● What the task requires
Repeat each record exactly. Any picture gets left out.

● Records for this task
________

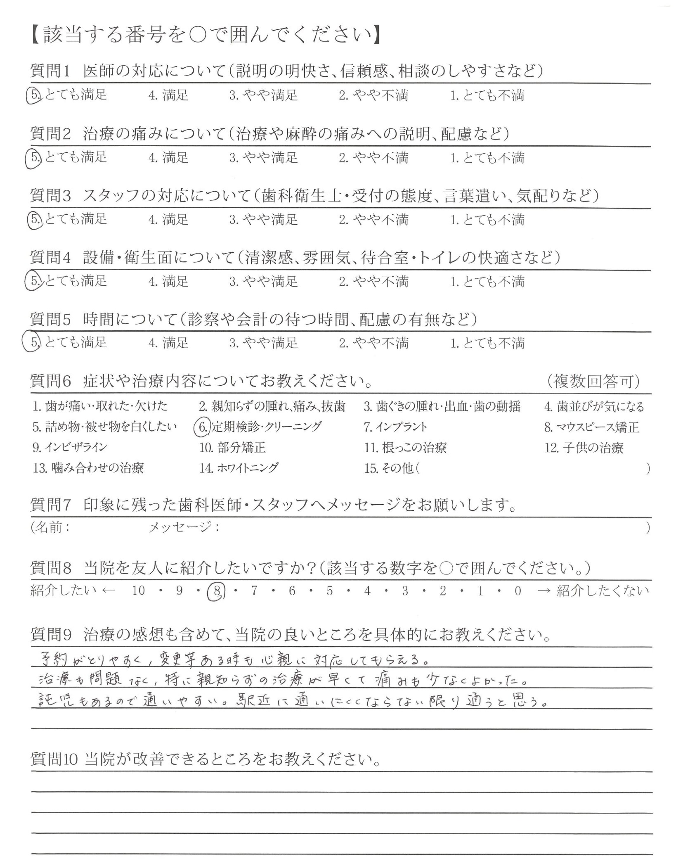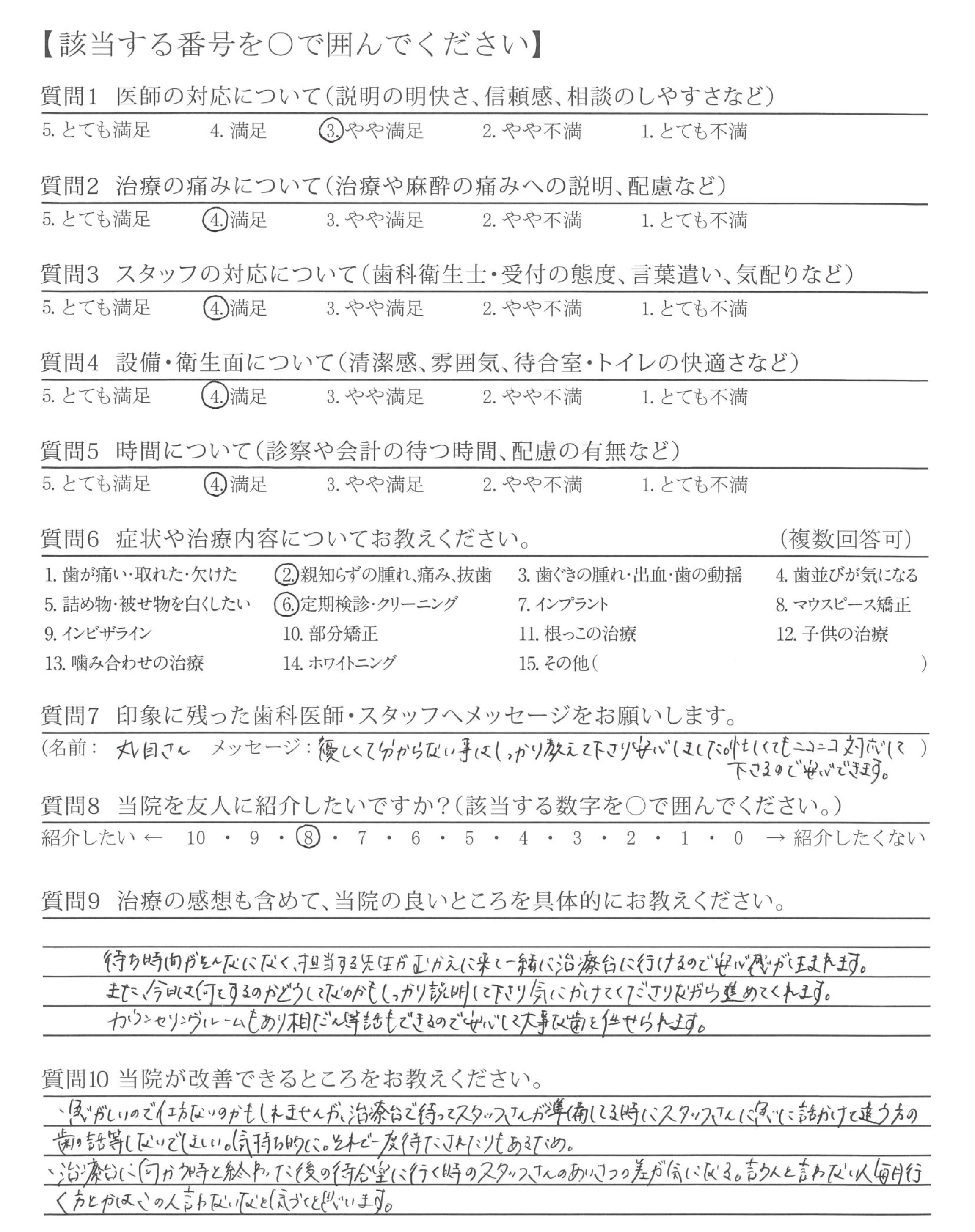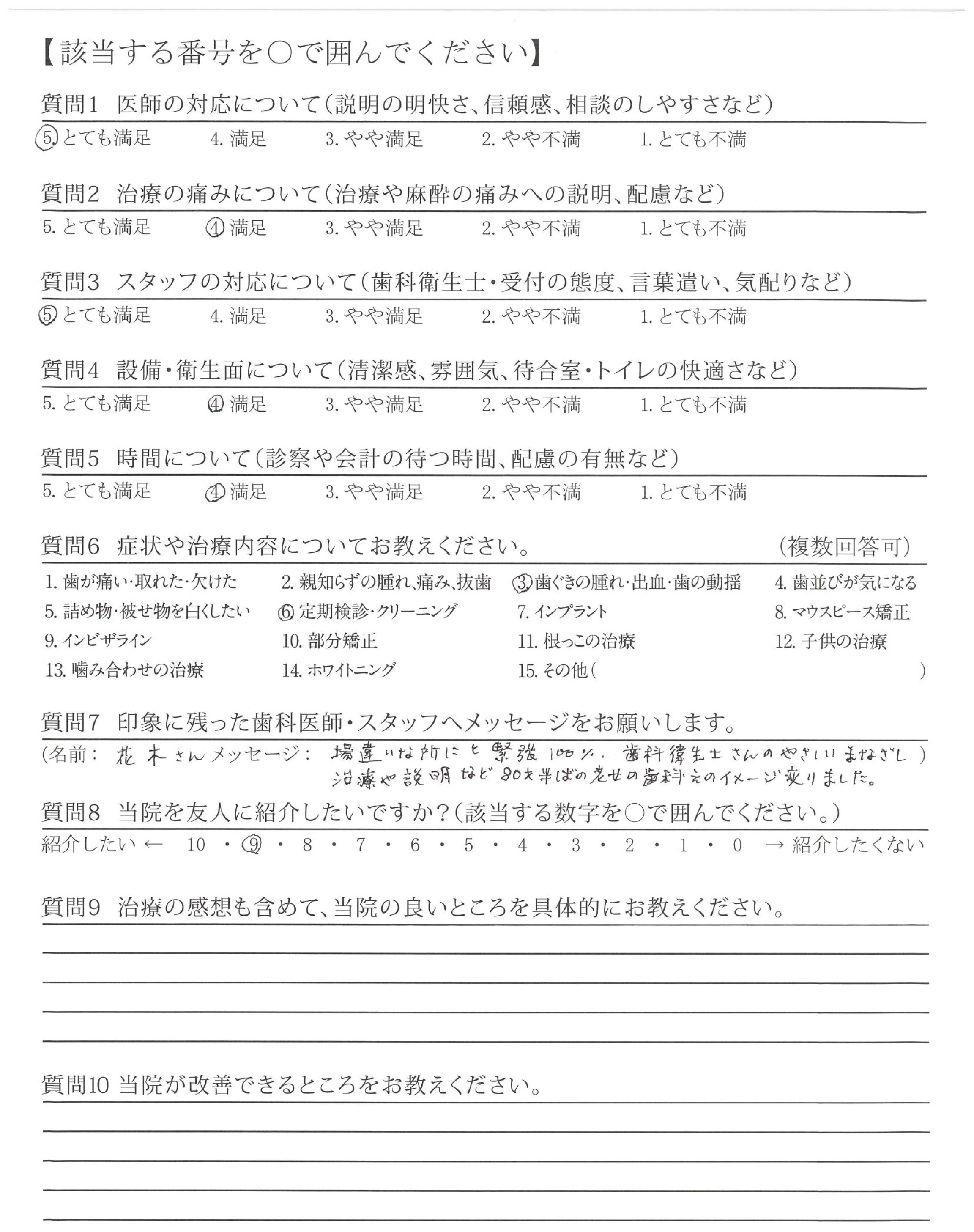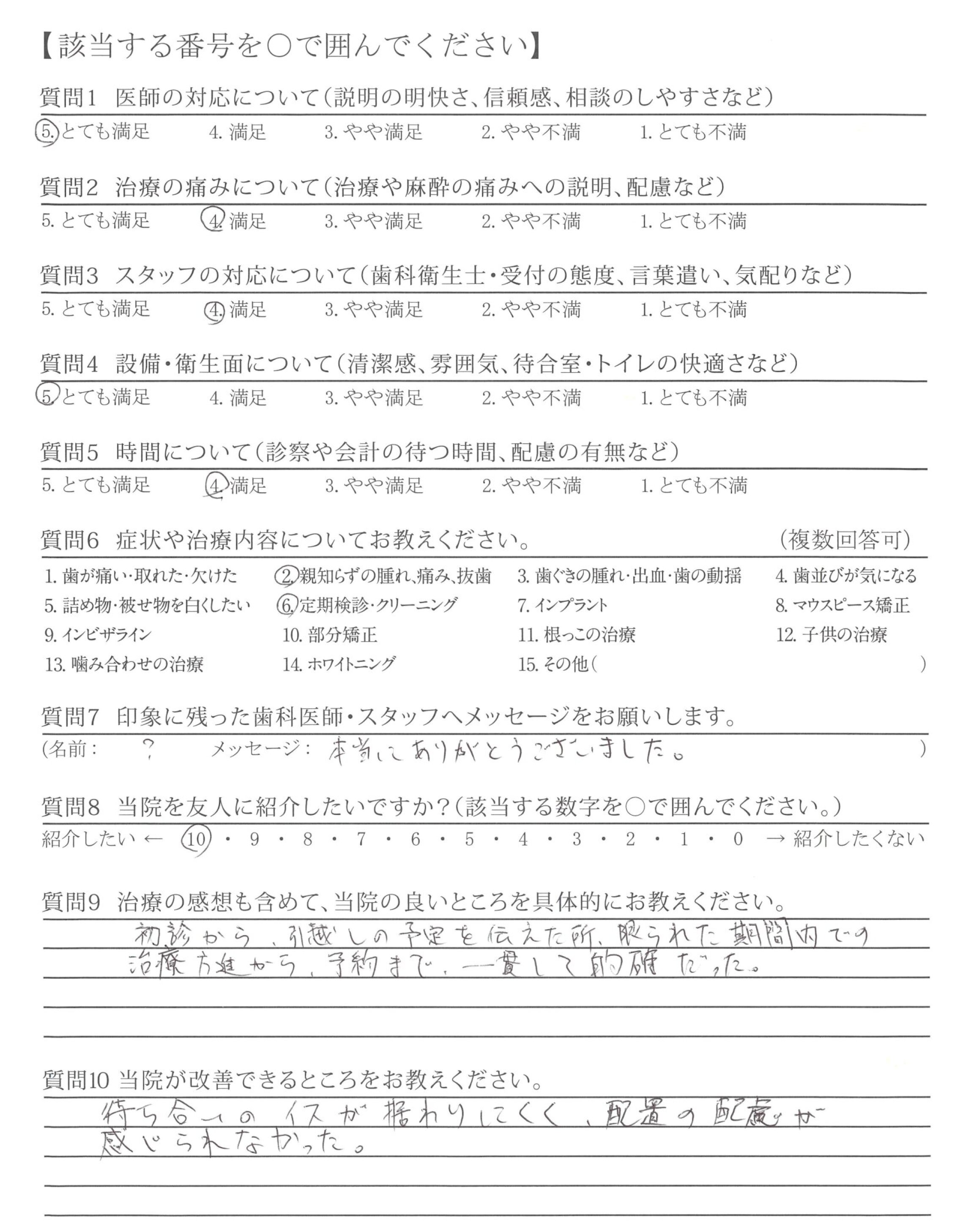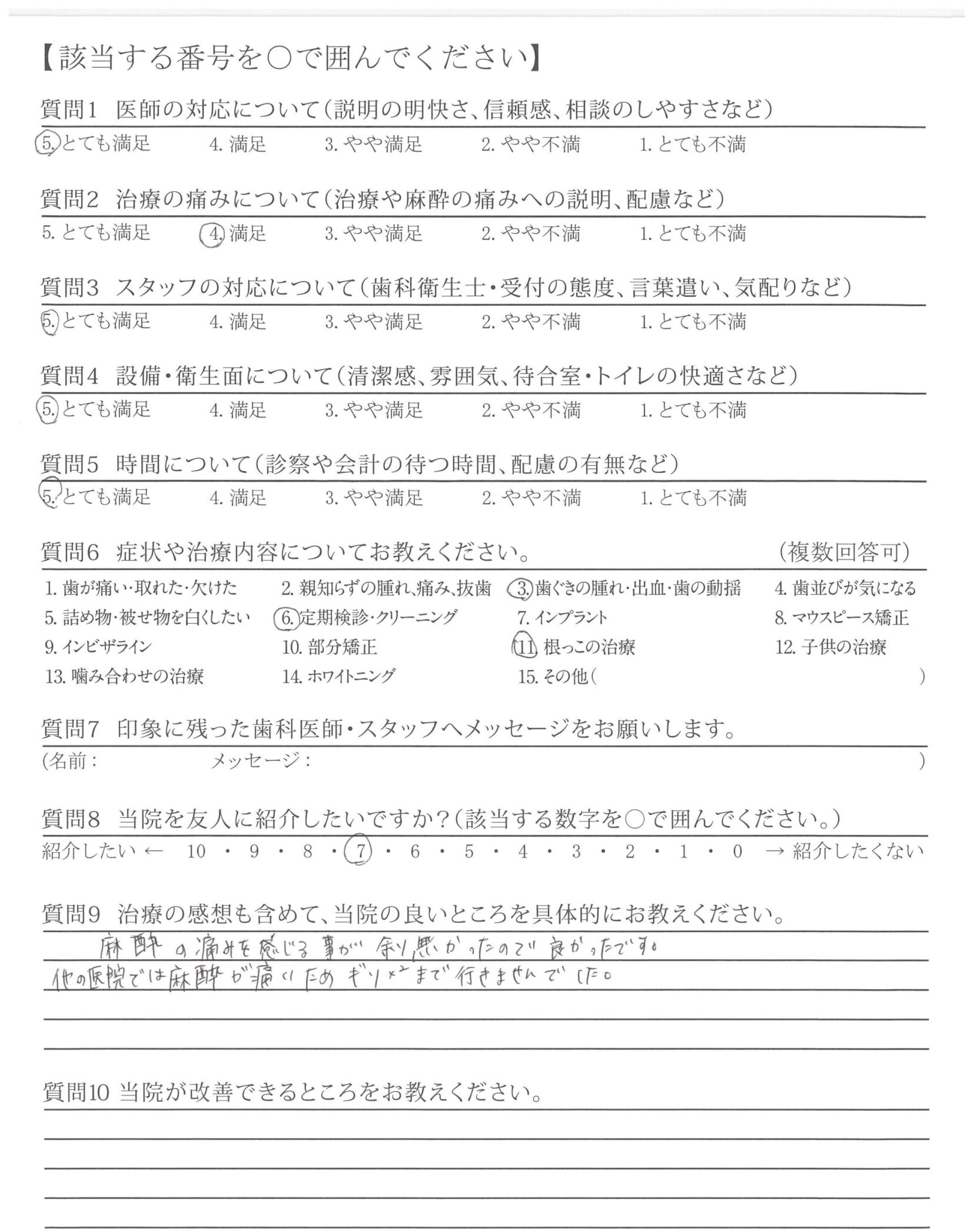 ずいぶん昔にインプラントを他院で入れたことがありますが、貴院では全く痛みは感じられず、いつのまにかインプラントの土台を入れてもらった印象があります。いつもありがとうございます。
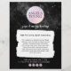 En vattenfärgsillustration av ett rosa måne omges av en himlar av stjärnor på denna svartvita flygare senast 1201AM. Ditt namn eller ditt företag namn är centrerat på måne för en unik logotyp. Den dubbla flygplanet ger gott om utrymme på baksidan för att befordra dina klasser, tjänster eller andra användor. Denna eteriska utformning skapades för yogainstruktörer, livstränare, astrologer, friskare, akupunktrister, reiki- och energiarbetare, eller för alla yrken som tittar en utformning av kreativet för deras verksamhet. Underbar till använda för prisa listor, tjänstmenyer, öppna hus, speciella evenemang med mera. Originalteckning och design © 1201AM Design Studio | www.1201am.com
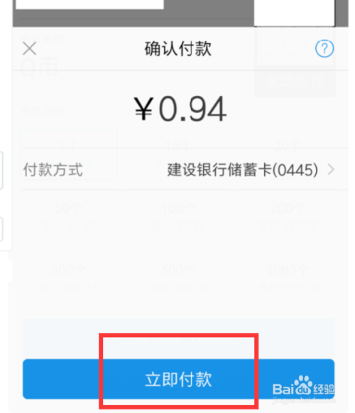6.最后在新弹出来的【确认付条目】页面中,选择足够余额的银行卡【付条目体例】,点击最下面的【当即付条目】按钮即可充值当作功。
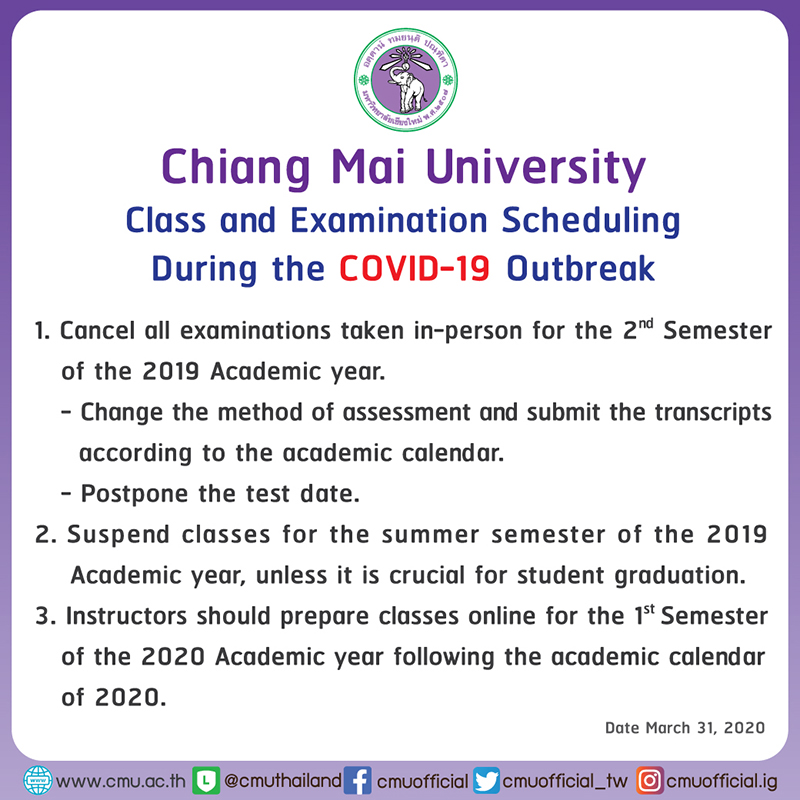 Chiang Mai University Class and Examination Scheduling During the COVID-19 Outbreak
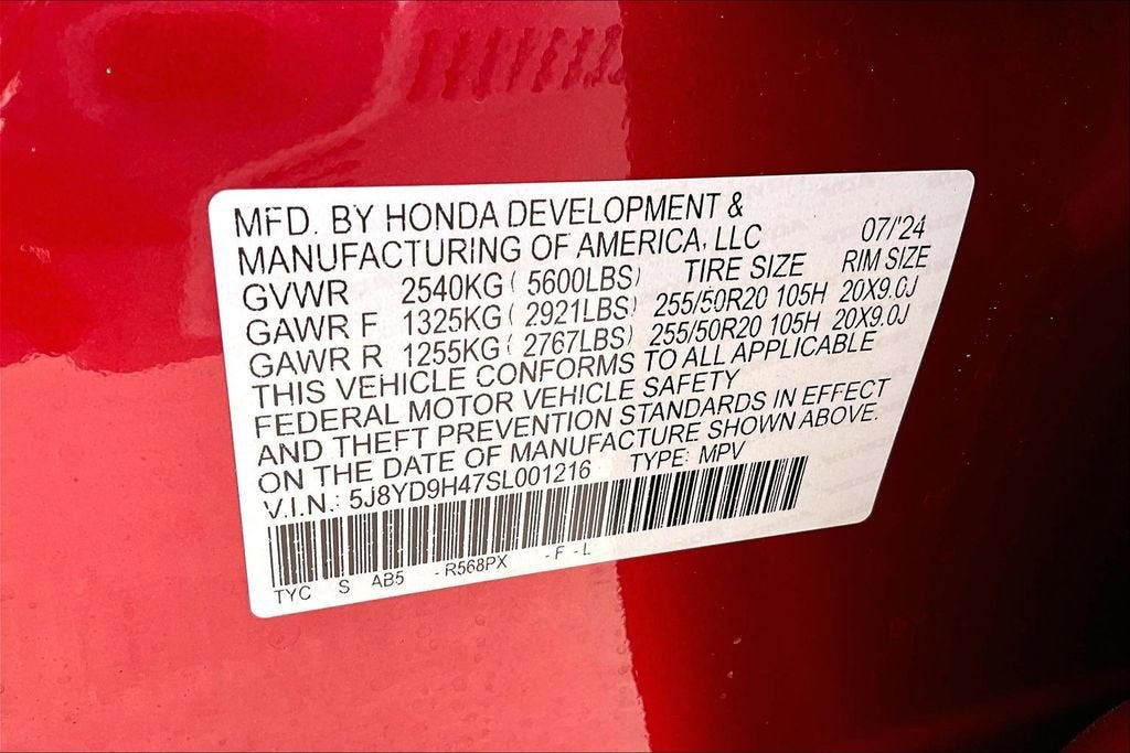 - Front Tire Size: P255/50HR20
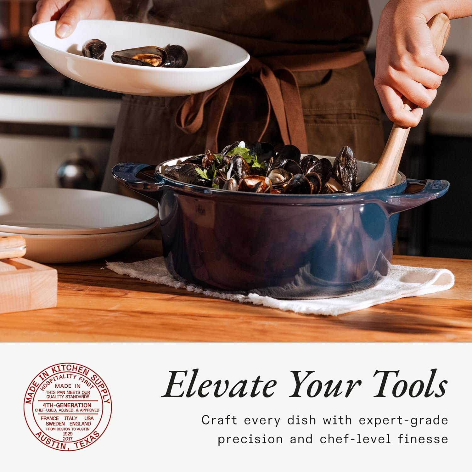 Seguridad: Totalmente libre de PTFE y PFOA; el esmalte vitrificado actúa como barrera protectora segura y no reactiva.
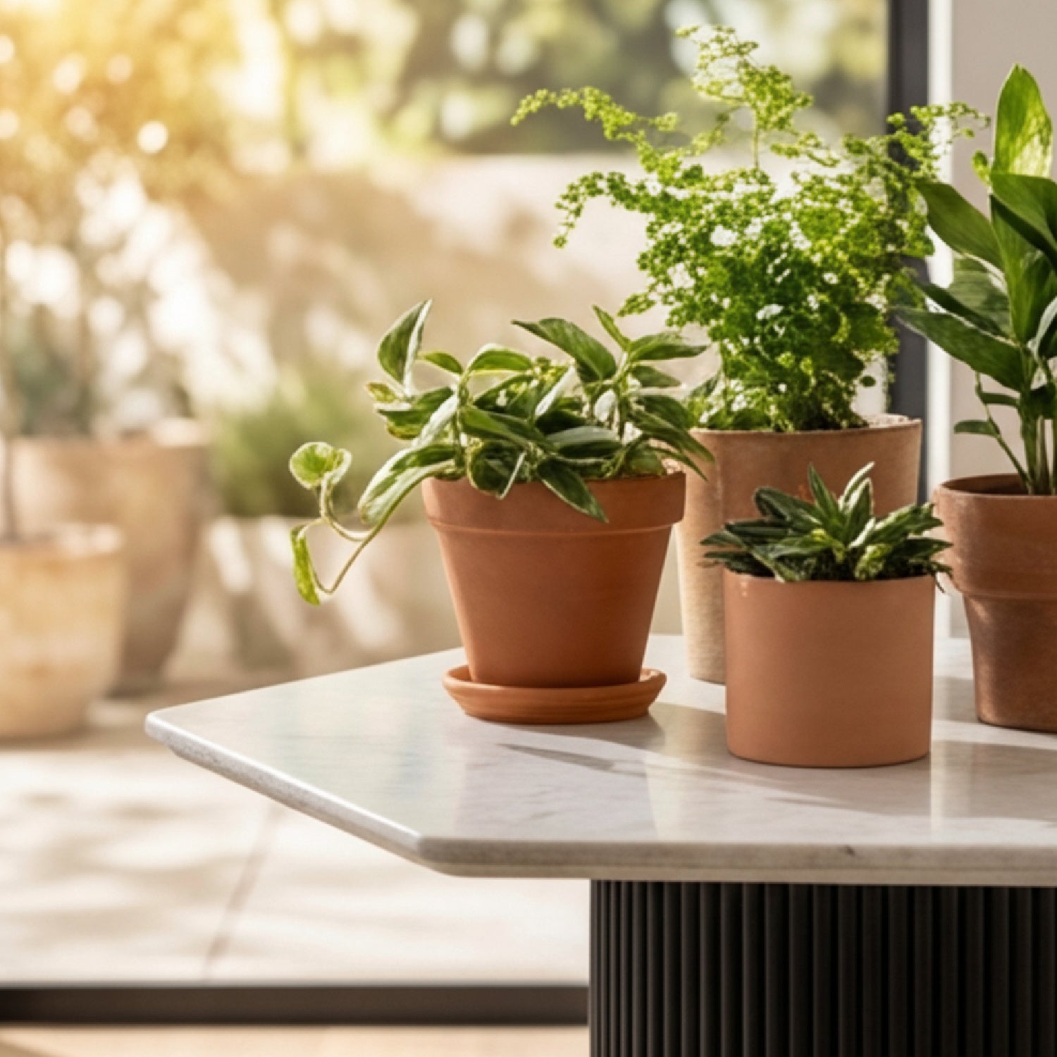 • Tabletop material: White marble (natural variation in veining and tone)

________

● Written reply
 ずいぶん昔にインプラントを他院で入れたことがありますが、貴院では全く痛みは感じられず、いつのまにかインプラントの土台を入れてもらった印象があります。いつもありがとうございます。
 En vattenfärgsillustration av ett rosa måne omges av en himlar av stjärnor på denna svartvita flygare senast 1201AM. Ditt namn eller ditt företag namn är centrerat på måne för en unik logotyp. Den dubbla flygplanet ger gott om utrymme på baksidan för att befordra dina klasser, tjänster eller andra användor. Denna eteriska utformning skapades för yogainstruktörer, livstränare, astrologer, friskare, akupunktrister, reiki- och energiarbetare, eller för alla yrken som tittar en utformning av kreativet för deras verksamhet. Underbar till använda för prisa listor, tjänstmenyer, öppna hus, speciella evenemang med mera. Originalteckning och design © 1201AM Design Studio | www.1201am.com
6.最后在新弹出来的【确认付条目】页面中,选择足够余额的银行卡【付条目体例】,点击最下面的【当即付条目】按钮即可充值当作功。
 Chiang Mai University Class and Examination Scheduling During the COVID-19 Outbreak
 - Front Tire Size: P255/50HR20
 Seguridad: Totalmente libre de PTFE y PFOA; el esmalte vitrificado actúa como barrera protectora segura y no reactiva.
 • Tabletop material: White marble (natural variation in veining and tone)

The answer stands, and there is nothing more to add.